When unemployment was high, low wage growth made some sense. But now that unemployment is low, and has been so for months, we still don’t have strong wages growth, as the next chart shows. It does seem unfair.

A chart showing the rate of Australia's wages growth since 2000.
Surging inflation means real wages growth remains negative. (Source: supplied) (Jason Murphy)

So why doesn’t it happen? What’s the reason for the sluggish wages? And will wages ever catch up to prices?

The answers to these questions make a lot of sense if you ask the right person, And the right person in this case is University of Melbourne labour market expert Professor Jeff Borland.

One big reason wages had stagnated, Borland explained, was that they were often locked in years ahead these days. A lot of nurses, teachers, etc are on enterprise bargaining agreements (EBAs) that don’t change when the economy changes. The union locked in 3 per cent per year back in 2022, for example, when that looked like a great deal. Now, the workers are stuck with it, even though they’re going backwards.

Sure enough, workers in industries where enterprise bargaining or award pay rates are rare have seen better pay rises than workers in industries where it is common – almost twice as high.

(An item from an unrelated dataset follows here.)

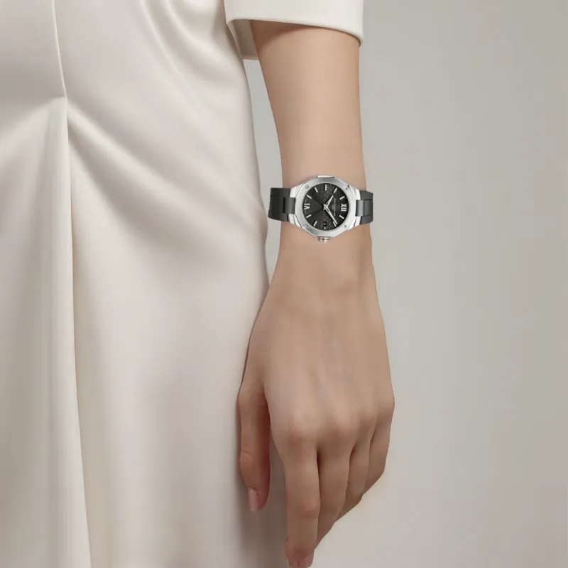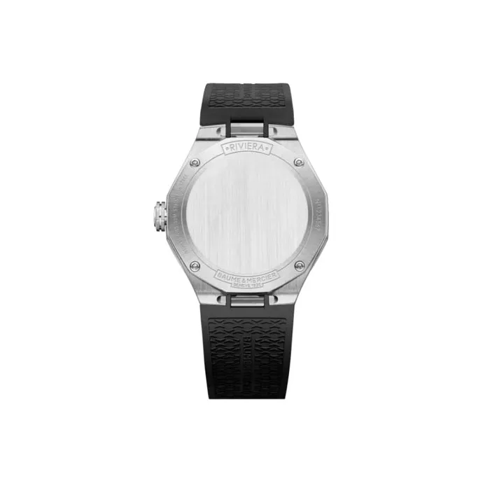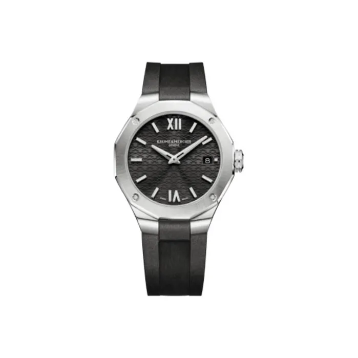 Baume Mercier Rivera Series Кварцевый механизм Женские часы 36 мм Черный циферблат Корпус из нержавеющей стали Резиновый ремешок

Secondly, the private sector is also paying much better than the public sector at this time – public sector wage caps mean public servants are pocketing pay rises of just 2.5 per cent a year while private sector workers are getting nearly 4 per cent pay boosts.

No wonder teachers are fleeing the industry – pay is rising much better in the non-government sector.

A third reason: we’re measuring wages wrong, Borland explains. This one is good news. The chart above shows the wage price index (WPI). Now, usually, that’s fine. It’s a good way of measuring how much people are getting paid. But, at the moment, employers are slinging around a lot of bonuses. And WPI excludes bonuses because it tries to measure basic pay.

So, the actual amount people are taking home could be sneaking up more quickly than the chart above suggests.

“Periods of stronger employment growth tend to be associated with a larger gap between WPI growth, including and excluding bonuses,” Borland said.

If your boss is paying you a bonus, huzzah! But also, beware. There are lots of ways employers are trying to hang onto their staff without locking in pay rises that will mean they have to pay out higher salaries year after year.

Borland said employers worried about the longer term. Employers might be waiting “to see if a return to the pre-COVID labour market - for example, involving the return of international students and working holiday makers - allows them to solve the labour-shortage problem without needing to pay higher wages".

With loads of backpackers and foreign students about to jump on a plane to Australia, it may make sense to pay workers a bonus now, or run on a skeleton staff, rather than lifting their base rate of pay, which would set an expensive precedent.

But, for the workers of Australia, an expensive precedent might be the difference between going backwards and getting ahead.